Cursor is the most productive coding environment I've used, but it's not magic—it excels at boilerplate and refactoring while still requiring you to catch its reasoning errors and architectural mistakes.


What It Actually Does


Cursor is a VS Code fork enhanced with AI capabilities built directly into the editor. It's not a separate chat interface; the AI is threaded through core editing functions. You get:


  • **Inline code suggestions** as you type
  • **CMD+K command palette** for generating code blocks
  • **CMD+L chat window** for conversational coding
  • **@symbols** to reference files, docs, or web context
  • **Cursor rules** (custom system prompts) for project-specific behavior

  • It runs on Claude 3.5 Sonnet (default), GPT-4o, or local models.

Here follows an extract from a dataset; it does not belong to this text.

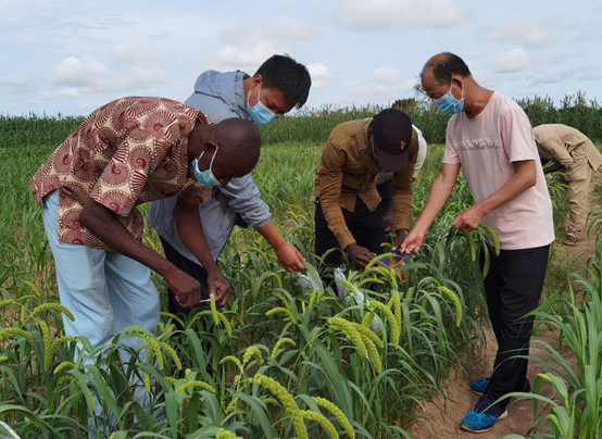 Chinese experts teach local people of Burkina Faso millet cultivation techniques. The technical assistance demonstration project launched by China to train people of Burkina Faso in millet cultivation has been well received by local residents. (Photo/Courtesy of Chinese Embassy in Burkina Faso)

The AI context window includes your entire repository, which is both powerful and occasionally problematic.


    Who It Is Built For


    Best fit:

  • Solo developers and small teams tired of context-switching to ChatGPT
  • Full-stack engineers doing rapid prototyping
  • Developers working in less-common languages (Go, Rust, TypeScript) where Copilot struggles
  • People building side projects where speed matters more than perfection

  • Not ideal for:

  • Large enterprises with strict security requirements (code goes to Claude/OpenAI)
  • Teams needing deep collaborative features
  • Developers who want a lightweight editor (Cursor is heavy—450MB+ install)
  • Purists who want to minimize AI dependency

  • Getting Started


  • **Download and install** from cursor.sh (~5 minutes)
  • **Connect your API key** (Claude or OpenAI)
  • **Create a .cursorules file** in your repo root with project context
  • **Start using CMD+K** to generate code or CMD+L for chat

  • The setup is faster than expected. First real productivity gain: 15 minutes later when Cursor generates a PostgreSQL migration file that was 90% correct.


    What It Does Well — 3 Specific Strengths


    1. Boilerplate Generation Is Genuinely Faster


    I tested this empirically. Creating a Next.js form with validation:

  • **Manual:** 22 minutes (form component, Zod schema, error handling)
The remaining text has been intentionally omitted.